The control signals needed to select the appropriate input of the multiplexers are generated from the DF, W and S bits. This logic is much simpler than the comparator logic present in the conventional forwarding hardware.

When there is more than one functional unit each functional unit is given an ID. This ID is used to specify the destination instruction's functional unit.

For an architecture with one functional unit and the above pipeline scheme, three bits per instruction are required to specify the forwarding information. When a number of functional units are present, the size of the instruction increases by the number of bits required for specifying the functional unit ID. The addition of these bits incurs an expense of increased instruction size. The ISA must be modified to accommodate this. Typical VLIW architectures have unutilized bits which can be used for this purpose.

#### 5 Benefits

In a VLIW processor with n functional units and d pipeline stages between ID and WB stages,  $2dn^2$  comparators are required [3]. These comparators present a costly area penalty which can be removed by the proposed scheme.

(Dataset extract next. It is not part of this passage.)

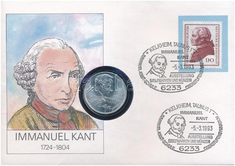 NSZK 1974D 5M Ag "Immanuel Kant" felbélyegzett borítékban, bélyegzéssel T:1- patina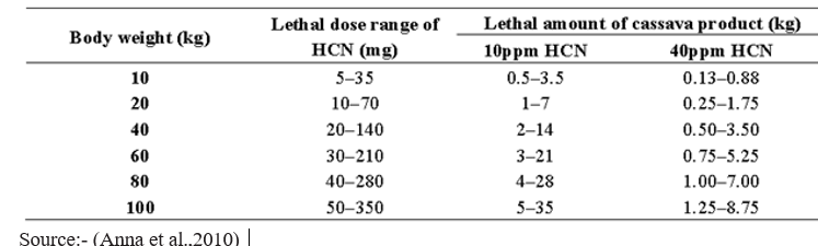 Table 11. Minimum lethal dose ranges of hydrogen cyanide (HCN) in humans per body weight and the amount of cassava product, containing 10 ppm and 40 ppm HCN, required to reach these lethal doses

By removing the comparators of the forwarding logic using the proposed scheme, the complexity of the forwarding logic is greatly reduced. The chip area

required for the proposed forwarding scheme is also reduced. Due to the reduced chip area and reduced complexity of this scheme, the power consumption will be much lower than that of the conventional forwarding logic. The effect of longer instructions on power consumption is to be examined.

## 6 Conclusion

In this paper, a compiler assisted technique for data forwarding in VLIW/EPIC processors is discussed. With the VLIW/EPIC philosophy emphasizing the need for reducing hardware complexity, this method attempts to do the same by conveying the forwarding information explicitly at compile time. The proposed scheme reduces the chip area and lowers the power consumption of the forwarding hardware.

## References

- 1. Micheal S. Schlansker, B. Ramakrishna Rau: "EPIC: An Architecture for Instruction-Level Parallel Processors," HP Laboratories Palo Alto, HPL-1999-111, February 2000.
- 2. "Exploitation of Fine-Grain Parallelism," Lecture Notes in Computer Science, Volume 942, Springer Verlag.
- 3. A. Abnous and N. Bagherzadeh: "Architectural Design and analysis of a VLIW Processor," M.S. Thesis, University of California, Irvine, 1991.
- 4. A. Abnous and N. Bagherzadeh: "Pipelining and Bypassing in a VLIW Processor," IEEE Trans. on Parallel and Distributed Systems, Vol. 5, No. 6, June 1994, pp. 658-663.
- 5. M. Sami, D. Sciuto, C. Silvano, et al.: "Exploiting data forwarding to reduce the power budget of VLIW embedded processors," Processor Design, Automation and Test in Europe, pp. 252-257 2001.
- 6. J. Hennessy and D. A. Patterson: "Computer Architecture: A Quantitative Approach," Morgan Kaufmann Publishers, San Mateo, CA, Second Edition, 1996.